* **Description of the task**
Write out the records that follow exactly. Do not include pictures.

--*--

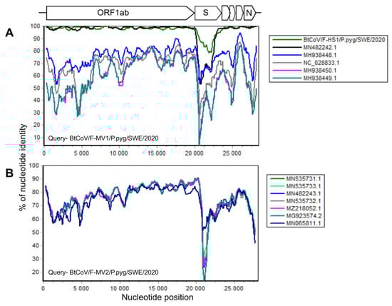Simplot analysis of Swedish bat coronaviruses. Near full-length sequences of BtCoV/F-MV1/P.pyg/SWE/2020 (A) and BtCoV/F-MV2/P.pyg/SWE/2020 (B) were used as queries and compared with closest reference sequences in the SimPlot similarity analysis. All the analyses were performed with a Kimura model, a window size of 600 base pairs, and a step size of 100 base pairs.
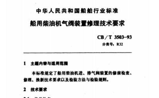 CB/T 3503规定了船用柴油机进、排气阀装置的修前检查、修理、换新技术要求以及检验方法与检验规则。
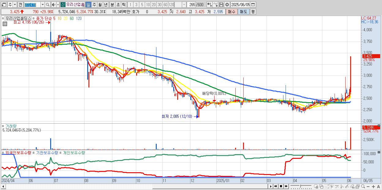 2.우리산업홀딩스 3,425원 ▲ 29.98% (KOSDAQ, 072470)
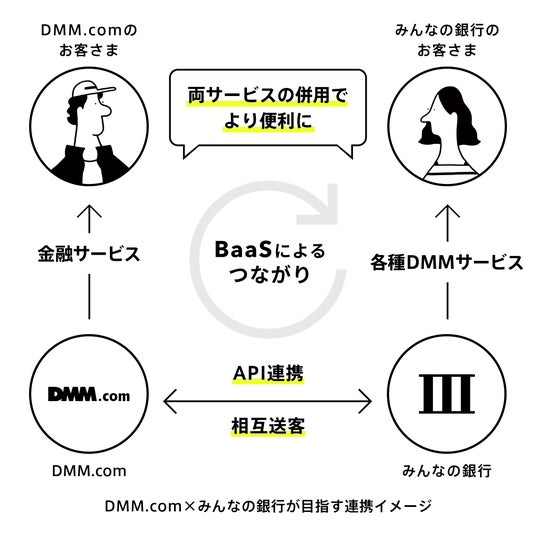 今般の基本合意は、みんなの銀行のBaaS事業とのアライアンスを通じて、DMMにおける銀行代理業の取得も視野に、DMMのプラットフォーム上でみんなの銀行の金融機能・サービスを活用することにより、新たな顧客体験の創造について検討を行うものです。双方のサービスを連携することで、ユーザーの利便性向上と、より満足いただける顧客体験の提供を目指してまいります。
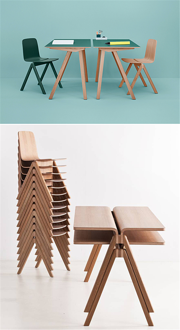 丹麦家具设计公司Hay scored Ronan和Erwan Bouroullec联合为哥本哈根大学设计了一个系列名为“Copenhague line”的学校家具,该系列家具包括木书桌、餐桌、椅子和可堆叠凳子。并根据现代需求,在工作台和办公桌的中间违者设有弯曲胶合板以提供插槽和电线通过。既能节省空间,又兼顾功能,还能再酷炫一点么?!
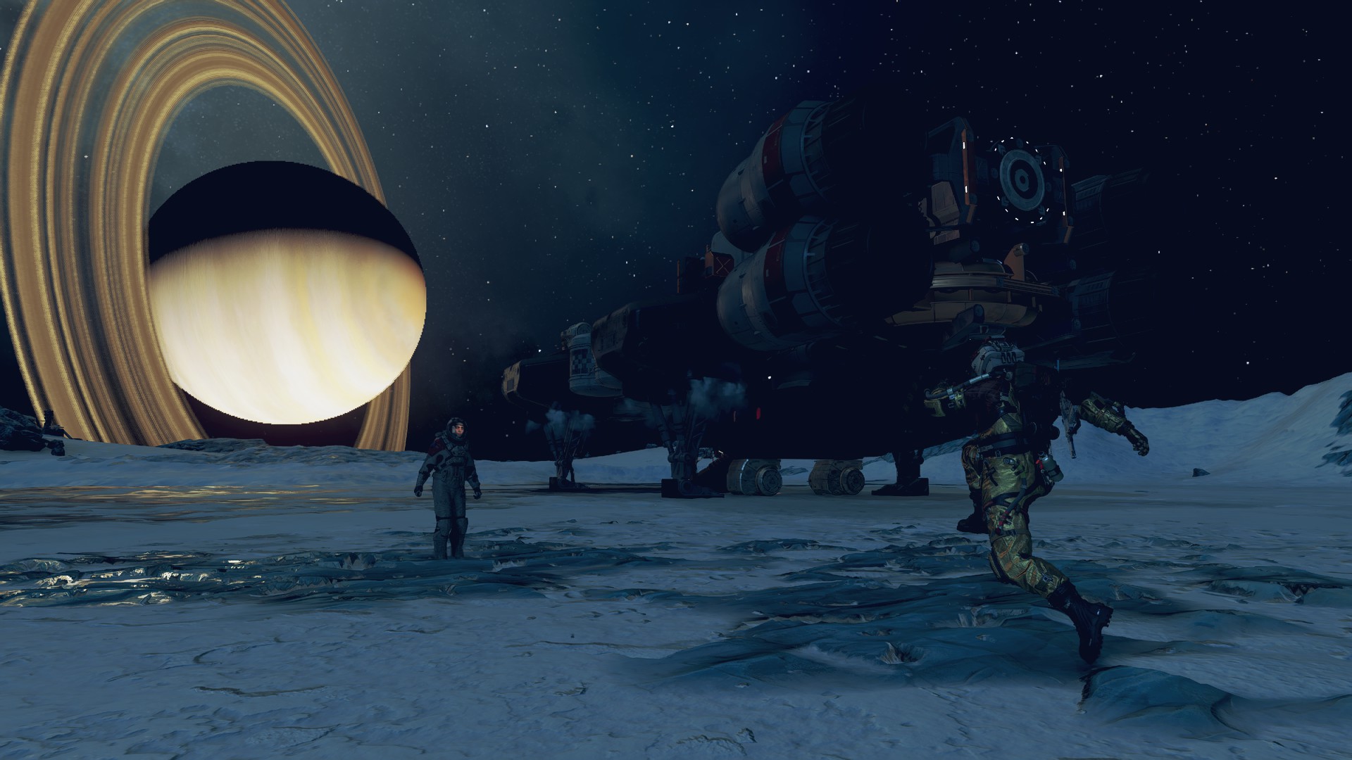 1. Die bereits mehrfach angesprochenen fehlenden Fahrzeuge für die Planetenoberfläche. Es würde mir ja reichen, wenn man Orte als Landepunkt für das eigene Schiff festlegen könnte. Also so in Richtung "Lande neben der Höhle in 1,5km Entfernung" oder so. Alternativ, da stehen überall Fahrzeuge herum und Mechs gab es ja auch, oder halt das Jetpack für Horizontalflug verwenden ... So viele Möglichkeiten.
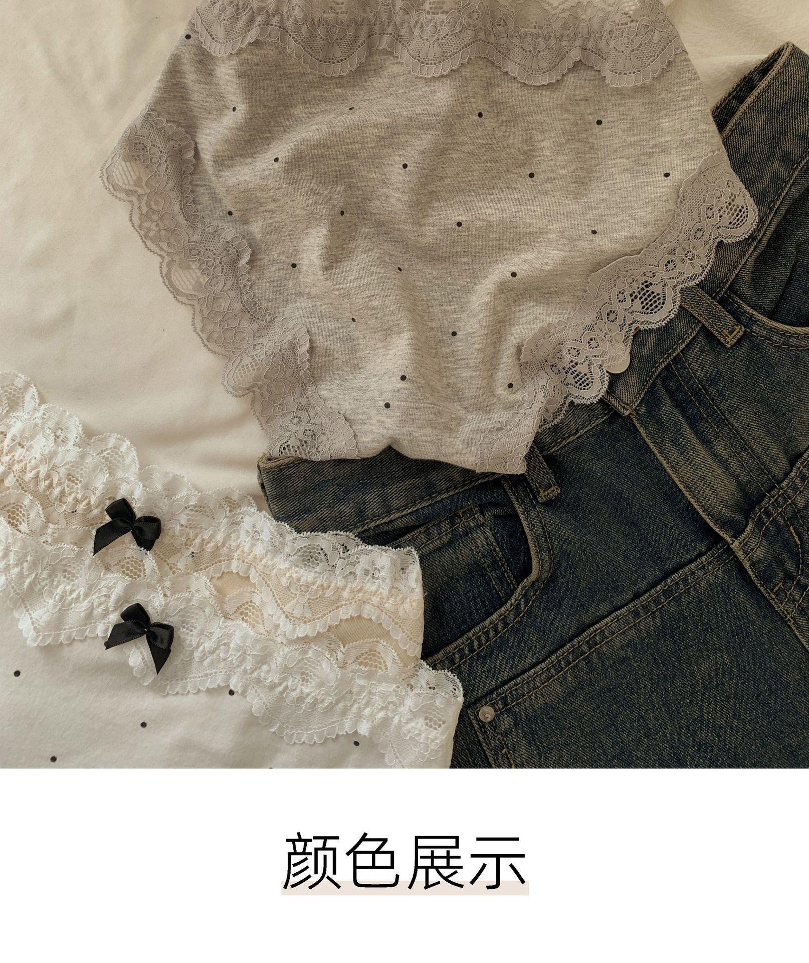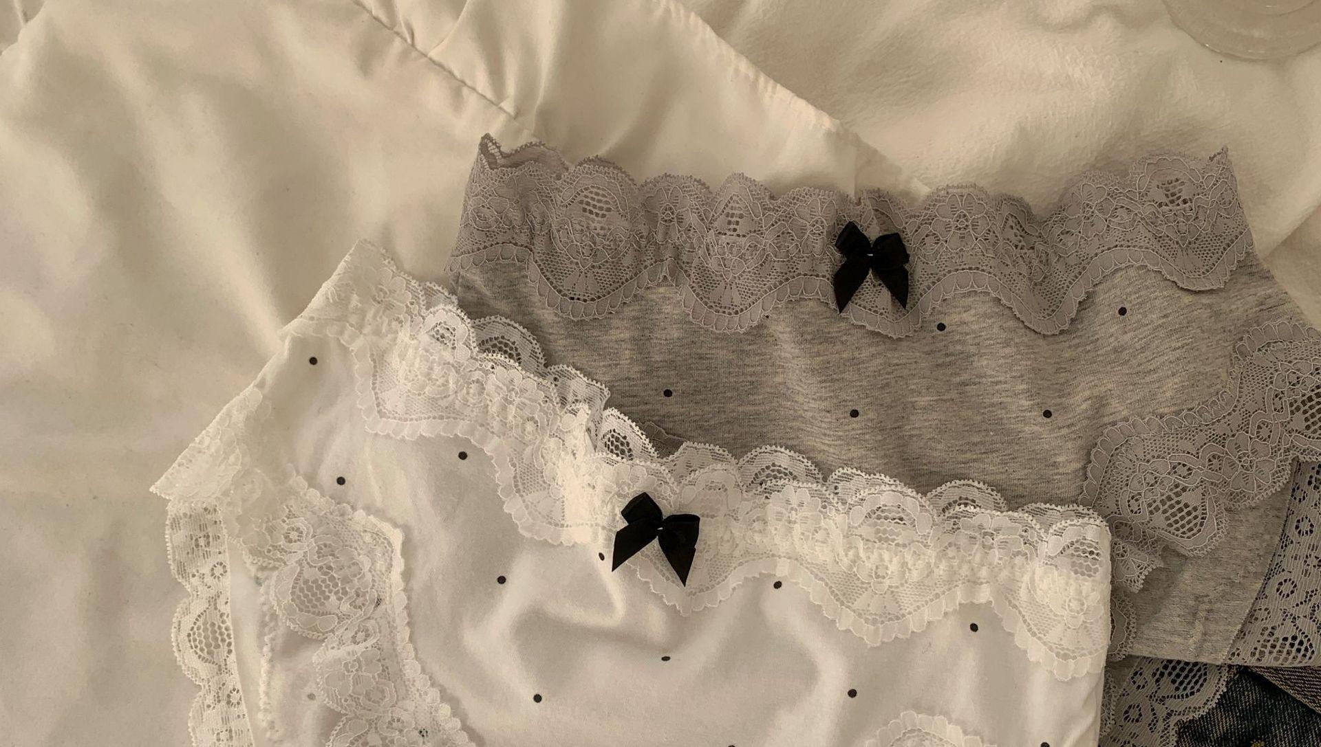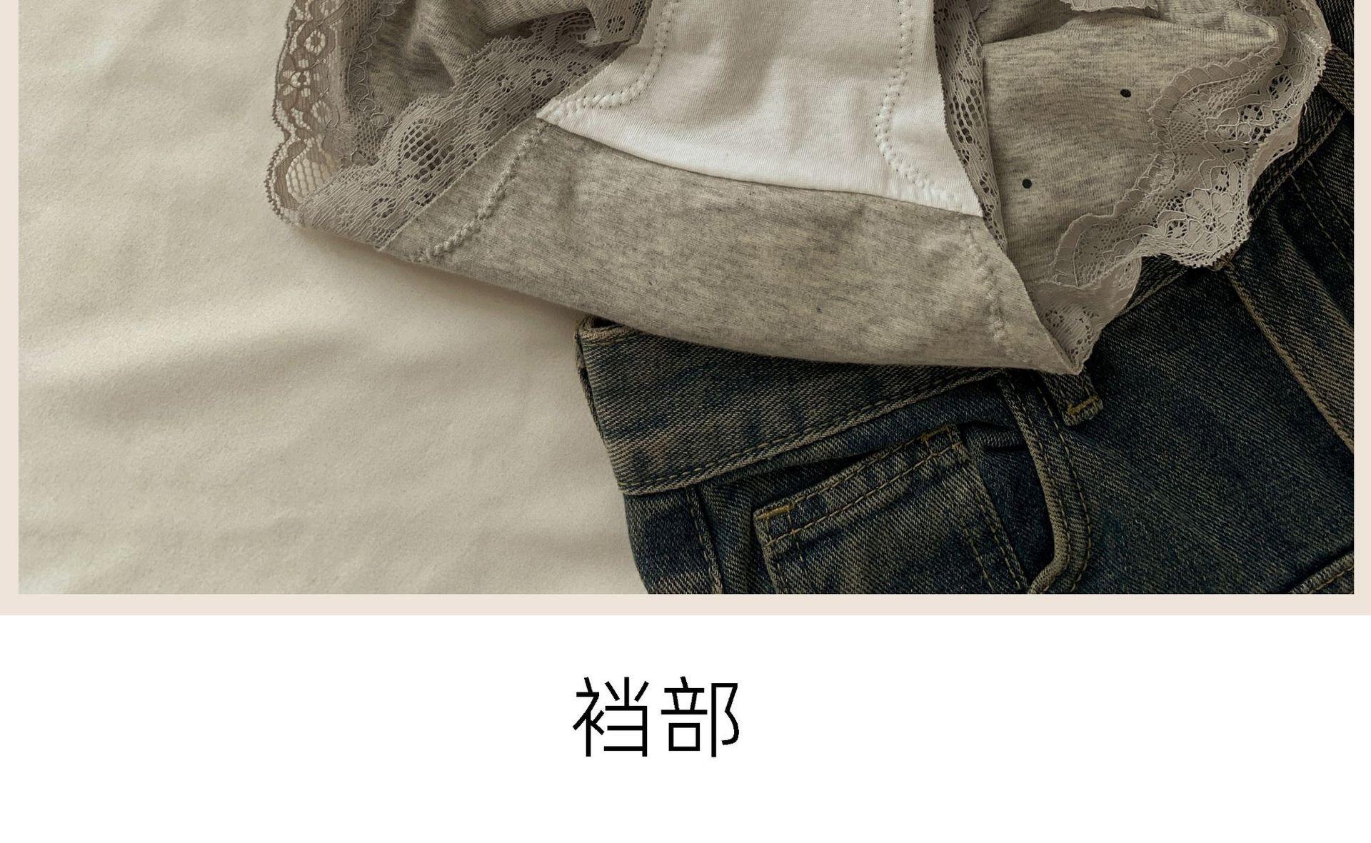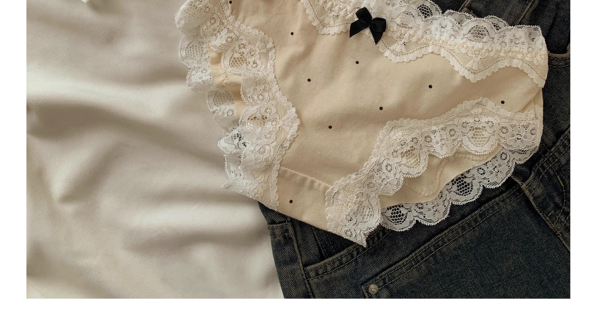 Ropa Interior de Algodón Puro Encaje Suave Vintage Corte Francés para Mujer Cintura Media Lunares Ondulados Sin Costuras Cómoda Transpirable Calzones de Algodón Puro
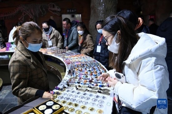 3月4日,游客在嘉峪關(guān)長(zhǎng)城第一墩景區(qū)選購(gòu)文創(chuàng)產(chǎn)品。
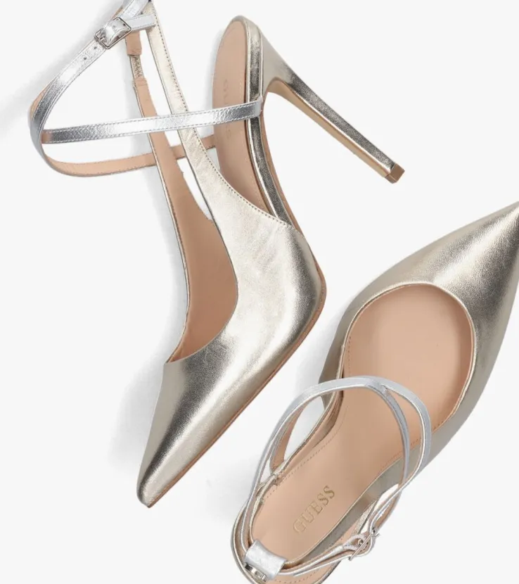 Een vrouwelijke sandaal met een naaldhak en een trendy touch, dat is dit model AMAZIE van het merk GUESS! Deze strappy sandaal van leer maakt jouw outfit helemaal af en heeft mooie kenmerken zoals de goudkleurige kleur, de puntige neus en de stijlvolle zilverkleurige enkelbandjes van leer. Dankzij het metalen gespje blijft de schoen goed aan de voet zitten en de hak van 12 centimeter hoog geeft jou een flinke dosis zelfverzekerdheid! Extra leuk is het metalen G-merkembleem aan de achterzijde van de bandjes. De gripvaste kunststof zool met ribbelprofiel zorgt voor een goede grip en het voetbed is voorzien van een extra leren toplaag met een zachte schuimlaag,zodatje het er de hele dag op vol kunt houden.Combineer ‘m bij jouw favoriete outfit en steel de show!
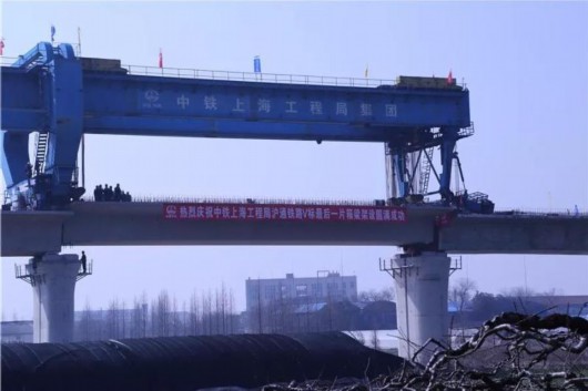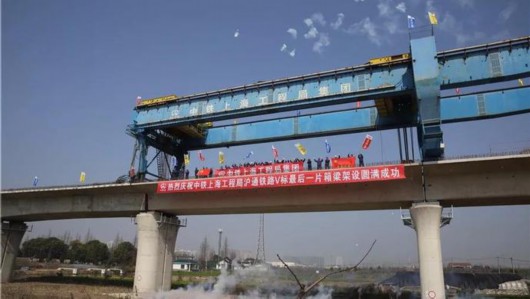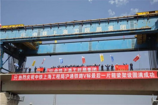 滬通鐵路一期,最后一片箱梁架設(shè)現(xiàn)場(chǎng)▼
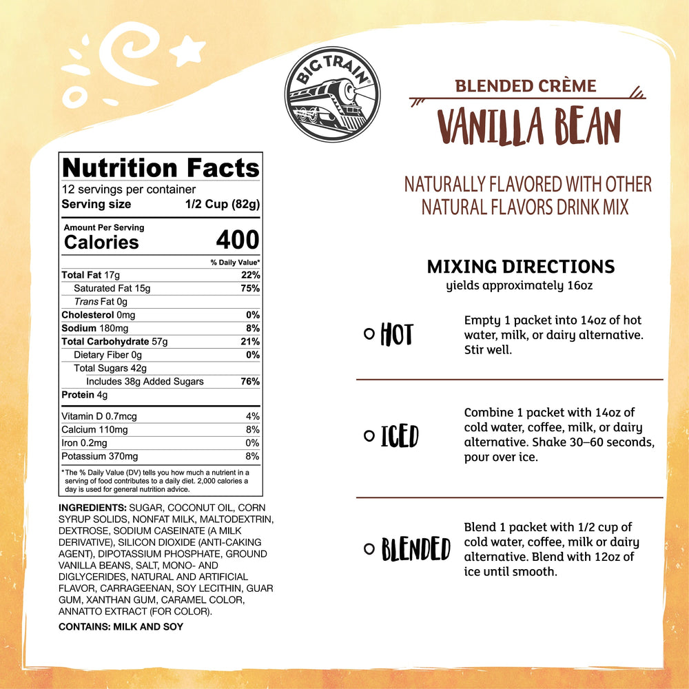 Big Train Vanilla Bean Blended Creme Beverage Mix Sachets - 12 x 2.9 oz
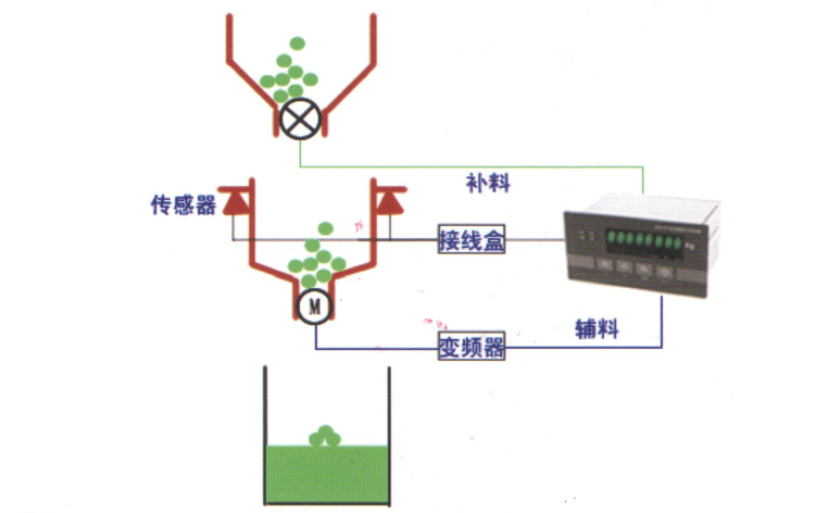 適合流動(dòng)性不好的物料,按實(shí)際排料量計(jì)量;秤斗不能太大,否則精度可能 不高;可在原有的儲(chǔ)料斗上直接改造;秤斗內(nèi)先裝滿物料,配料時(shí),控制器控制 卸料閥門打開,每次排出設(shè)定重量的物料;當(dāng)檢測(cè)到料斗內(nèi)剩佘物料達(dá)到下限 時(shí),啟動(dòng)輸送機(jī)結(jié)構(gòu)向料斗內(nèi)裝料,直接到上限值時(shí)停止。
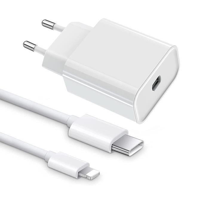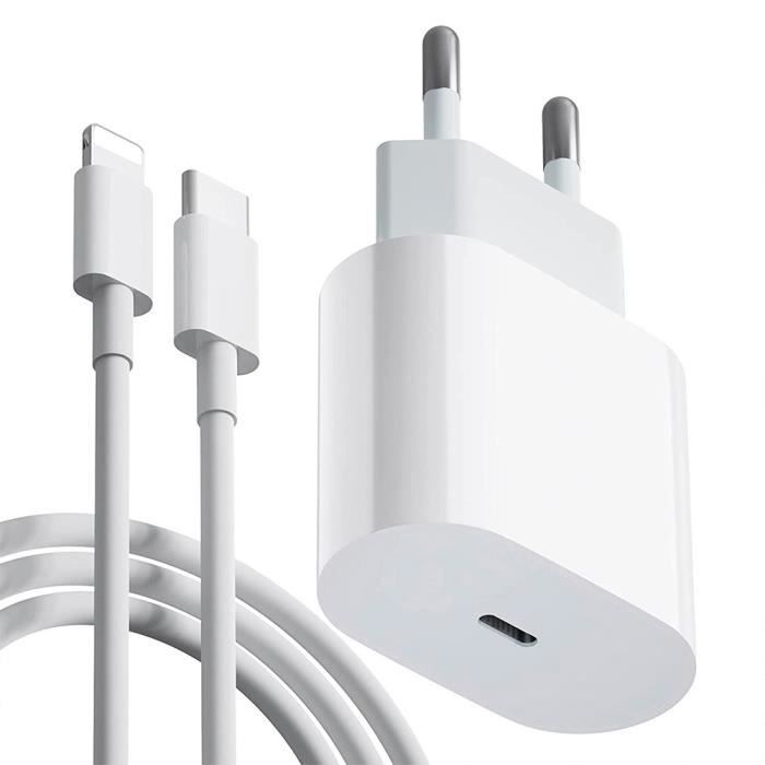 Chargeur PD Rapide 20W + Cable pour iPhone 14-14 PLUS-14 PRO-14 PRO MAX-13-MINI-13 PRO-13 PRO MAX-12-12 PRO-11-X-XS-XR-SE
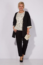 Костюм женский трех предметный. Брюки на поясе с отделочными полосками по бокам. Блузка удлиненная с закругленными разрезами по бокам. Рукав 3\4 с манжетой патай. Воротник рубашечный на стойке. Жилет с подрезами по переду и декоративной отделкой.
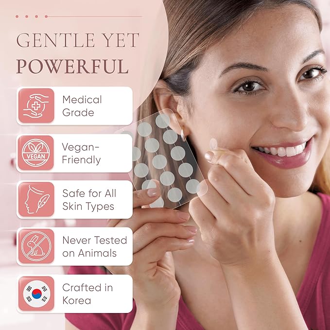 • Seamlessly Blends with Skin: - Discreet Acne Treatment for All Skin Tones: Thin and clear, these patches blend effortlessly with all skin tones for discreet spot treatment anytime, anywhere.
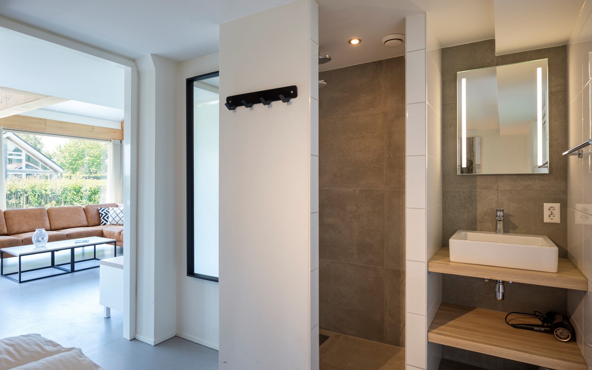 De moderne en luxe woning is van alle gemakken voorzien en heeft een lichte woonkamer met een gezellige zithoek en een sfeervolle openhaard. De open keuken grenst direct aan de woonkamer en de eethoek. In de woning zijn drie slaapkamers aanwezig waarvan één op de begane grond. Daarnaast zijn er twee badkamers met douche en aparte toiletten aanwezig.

--*--

* **Response to this exercise**
Simplot analysis of Swedish bat coronaviruses. Near full-length sequences of BtCoV/F-MV1/P.pyg/SWE/2020 (A) and BtCoV/F-MV2/P.pyg/SWE/2020 (B) were used as queries and compared with closest reference sequences in the SimPlot similarity analysis. All the analyses were performed with a Kimura model, a window size of 600 base pairs, and a step size of 100 base pairs.
 CB/T 3503规定了船用柴油机进、排气阀装置的修前检查、修理、换新技术要求以及检验方法与检验规则。
 2.우리산업홀딩스 3,425원 ▲ 29.98% (KOSDAQ, 072470)
 今般の基本合意は、みんなの銀行のBaaS事業とのアライアンスを通じて、DMMにおける銀行代理業の取得も視野に、DMMのプラットフォーム上でみんなの銀行の金融機能・サービスを活用することにより、新たな顧客体験の創造について検討を行うものです。双方のサービスを連携することで、ユーザーの利便性向上と、より満足いただける顧客体験の提供を目指してまいります。
 丹麦家具设计公司Hay scored Ronan和Erwan Bouroullec联合为哥本哈根大学设计了一个系列名为“Copenhague line”的学校家具,该系列家具包括木书桌、餐桌、椅子和可堆叠凳子。并根据现代需求,在工作台和办公桌的中间违者设有弯曲胶合板以提供插槽和电线通过。既能节省空间,又兼顾功能,还能再酷炫一点么?!
 1. Die bereits mehrfach angesprochenen fehlenden Fahrzeuge für die Planetenoberfläche. Es würde mir ja reichen, wenn man Orte als Landepunkt für das eigene Schiff festlegen könnte. Also so in Richtung "Lande neben der Höhle in 1,5km Entfernung" oder so. Alternativ, da stehen überall Fahrzeuge herum und Mechs gab es ja auch, oder halt das Jetpack für Horizontalflug verwenden ... So viele Möglichkeiten.
 Ropa Interior de Algodón Puro Encaje Suave Vintage Corte Francés para Mujer Cintura Media Lunares Ondulados Sin Costuras Cómoda Transpirable Calzones de Algodón Puro
 3月4日,游客在嘉峪關(guān)長(zhǎng)城第一墩景區(qū)選購(gòu)文創(chuàng)產(chǎn)品。
 Een vrouwelijke sandaal met een naaldhak en een trendy touch, dat is dit model AMAZIE van het merk GUESS! Deze strappy sandaal van leer maakt jouw outfit helemaal af en heeft mooie kenmerken zoals de goudkleurige kleur, de puntige neus en de stijlvolle zilverkleurige enkelbandjes van leer. Dankzij het metalen gespje blijft de schoen goed aan de voet zitten en de hak van 12 centimeter hoog geeft jou een flinke dosis zelfverzekerdheid! Extra leuk is het metalen G-merkembleem aan de achterzijde van de bandjes. De gripvaste kunststof zool met ribbelprofiel zorgt voor een goede grip en het voetbed is voorzien van een extra leren toplaag met een zachte schuimlaag,zodatje het er de hele dag op vol kunt houden.Combineer ‘m bij jouw favoriete outfit en steel de show!
 滬通鐵路一期,最后一片箱梁架設(shè)現(xiàn)場(chǎng)▼
 Big Train Vanilla Bean Blended Creme Beverage Mix Sachets - 12 x 2.9 oz
 適合流動(dòng)性不好的物料,按實(shí)際排料量計(jì)量;秤斗不能太大,否則精度可能 不高;可在原有的儲(chǔ)料斗上直接改造;秤斗內(nèi)先裝滿物料,配料時(shí),控制器控制 卸料閥門打開,每次排出設(shè)定重量的物料;當(dāng)檢測(cè)到料斗內(nèi)剩佘物料達(dá)到下限 時(shí),啟動(dòng)輸送機(jī)結(jié)構(gòu)向料斗內(nèi)裝料,直接到上限值時(shí)停止。
 Chargeur PD Rapide 20W + Cable pour iPhone 14-14 PLUS-14 PRO-14 PRO MAX-13-MINI-13 PRO-13 PRO MAX-12-12 PRO-11-X-XS-XR-SE
 Костюм женский трех предметный. Брюки на поясе с отделочными полосками по бокам. Блузка удлиненная с закругленными разрезами по бокам. Рукав 3\4 с манжетой патай. Воротник рубашечный на стойке. Жилет с подрезами по переду и декоративной отделкой.
 • Seamlessly Blends with Skin: - Discreet Acne Treatment for All Skin Tones: Thin and clear, these patches blend effortlessly with all skin tones for discreet spot treatment anytime, anywhere.
 De moderne en luxe woning is van alle gemakken voorzien en heeft een lichte woonkamer met een gezellige zithoek en een sfeervolle openhaard. De open keuken grenst direct aan de woonkamer en de eethoek. In de woning zijn drie slaapkamers aanwezig waarvan één op de begane grond. Daarnaast zijn er twee badkamers met douche en aparte toiletten aanwezig.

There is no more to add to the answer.